Not quite today, but I did finally finish the crib/cot bed I'd been working on for a *very* long time. I did it all with hand tools except for resawing the wood for the curved rails.
It was definitely an experience. The lumber was horribly expensive, and I'd paid to have it jointed/thicknessed for me since I didn't want to do it with the few planes I had at the time. Unfortunately I'd just assumed that it had arrived properly dimensioned, and properly dried... which was foolish of me. everything was cut wrong, thicknessed wrong (no two pieces the same thickness, no board the same thickness at both ends), and it wasn't until half way through the project that I realised the wood was still very wet when it had arrived. I'd made the side pieces and then moved on to the end sections, and when I'd come back to fit all the parts together the sides had warped significantly. Then I watched the end sections warp as they dried too. Doing the math I figured the wood must have been around 16-18% moisture when it arrived, rather then the 8-10% I'd have expected.

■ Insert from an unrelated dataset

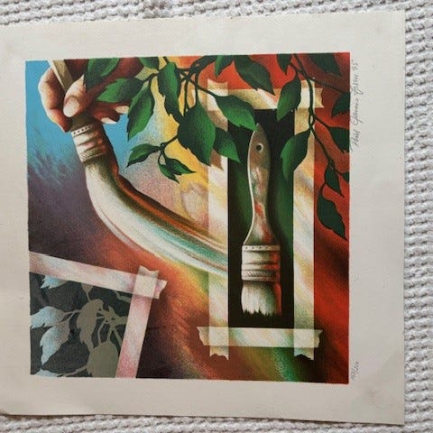 Kunsttryk "Tidslinier" billede i flerfarvet, abstrakt motiv. Trykket er nummereret og signeret i bunden. Det er indrammet med lys passepartout og enkel metalramme med ophæng på bagsiden, klar til at hænge op på væggen. Velegnet som vægdekoration i stue, kontor eller andre opholdsrum.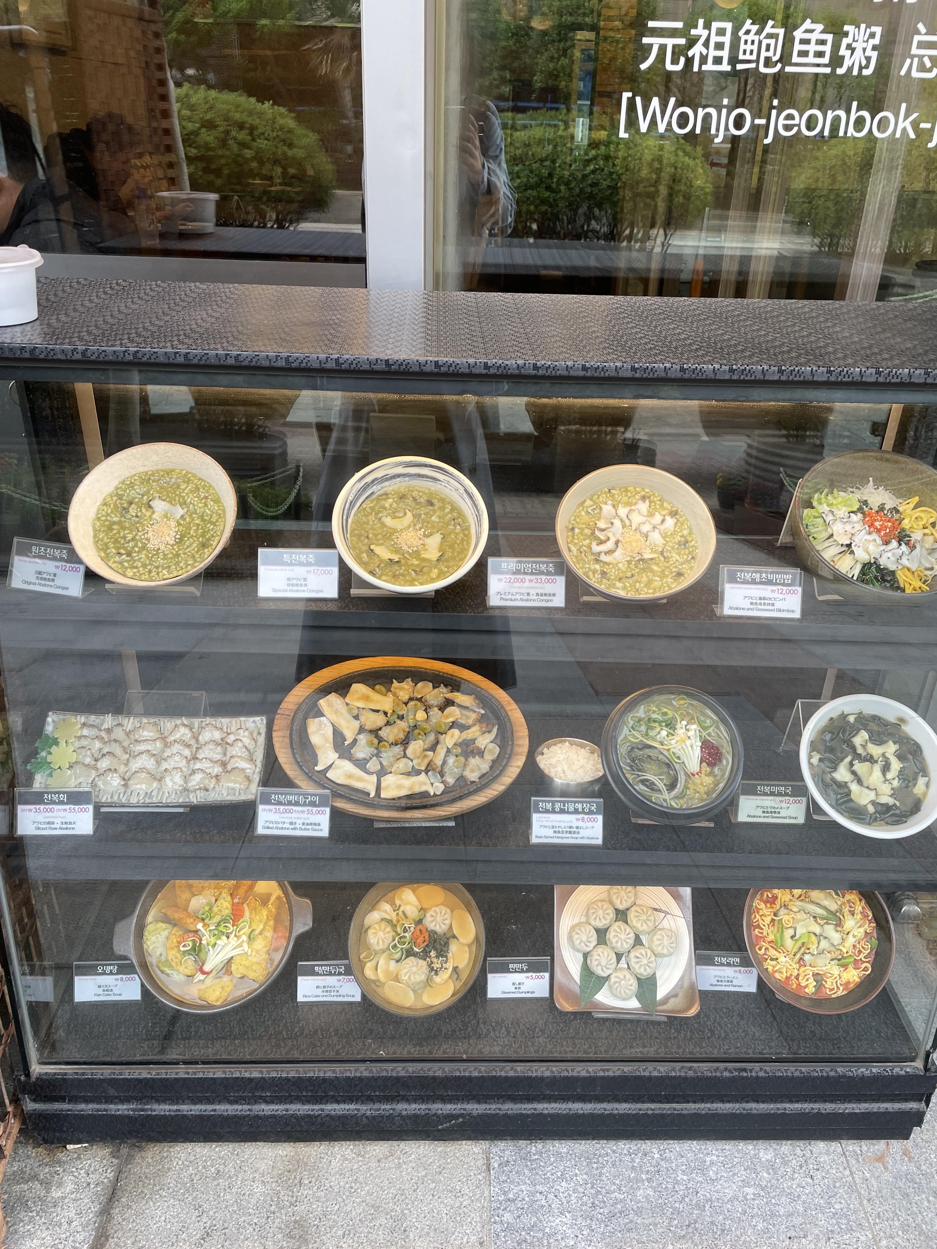 원조 전복죽 앞에 매뉴 모형들이 있는데 전복죽 뿐만 아니라 다양한 메뉴들이 판매되는 것을 볼 수 있다.

Still, aside from a glue discoloration from having to scrap through an entire layer of veneer on two of the end pieces (which I can still fix, once I get to where the crib is again), the thing turned out reasonably well. In January I'll go to where the crib is and to the last bit of tweaking and apply another layer of beeswax, but all in all it was a messy, frustrating, expensive, and downright horrible experience that I'd do again in a heartbeat. A bad day in the workshop is still a pretty darned good day.
the lighting isn't good in these pictures - it's not ultra shiny, but it does have a lovely lustre to it when you see it in person. The finish is simply oil (Osmo top oil I think?) and beeswax.
the internal frame didn't end up being needed, but the sketchup model was pretty close to the finished project.
Sketchup
finished crib with height adjusting platform.